Gates Family Foundation
- Formation: 1946
- Type: Philanthropic organization
- Headquarters: Denver, Colorado, U.S.
- President: Thomas A. Gougeon
- Key people: Beth Conover; Laia C. Mitchell; Russell Schnitzer; Mary Seawell;
- Revenue: $67,158,457 (2018)
- Expenses: $25,114,405 (2018)
- Website: www.gatesfamilyfoundation.org

= Gates Family Foundation =

Philanthropic organization

The Gates Family Foundation is one of the largest philanthropic organizations in Colorado, based in Denver.

==Background==
Founded in 1946, the Foundation currently has net assets of approximately $500 million. In 2007, the Foundation paid roughly $20 million in grants, all of which went to Colorado recipients.

The source of the original endowment is the Gates Rubber Company of Denver, Colorado.

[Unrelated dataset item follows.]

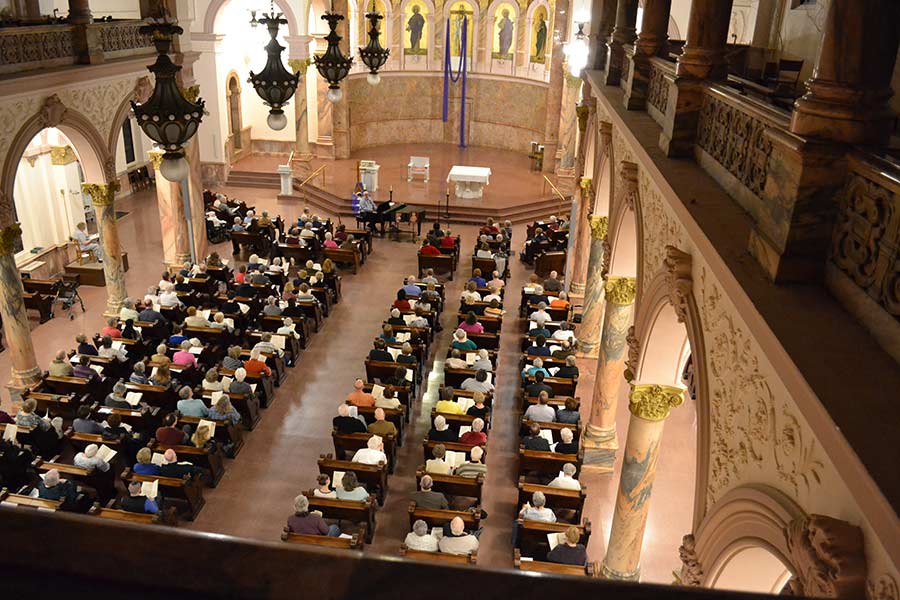The retreat began Friday night with liturgical music composer David Haas sharing his gifts of worship music, singing, piano and guitar playing, and reflections on spiritual practices with a full house at the Church of the Immaculate Conception. He invited us all to join him in singing, praying, and even in-place dancing! Many of us marveled at his ability to keep up two spirited, high energy hours in light of his age and health history — which includes recent open heart surgery!

The Foundation is well known in Denver, for example including the Gates Planetarium at the Denver Museum of Nature and Science.

In May 2022, The Gates Family Foundation announced a $200 million donation and collaboration project with the University of Colorado Anschutz. The Donation is to establish a medical research institute at the university's Anschutz Medical Campus and is to be funded over five years by the Gates Family Foundation.

==Assets and funding details==
As of 2018 the Gates Family Foundation had assets of $361,589,256.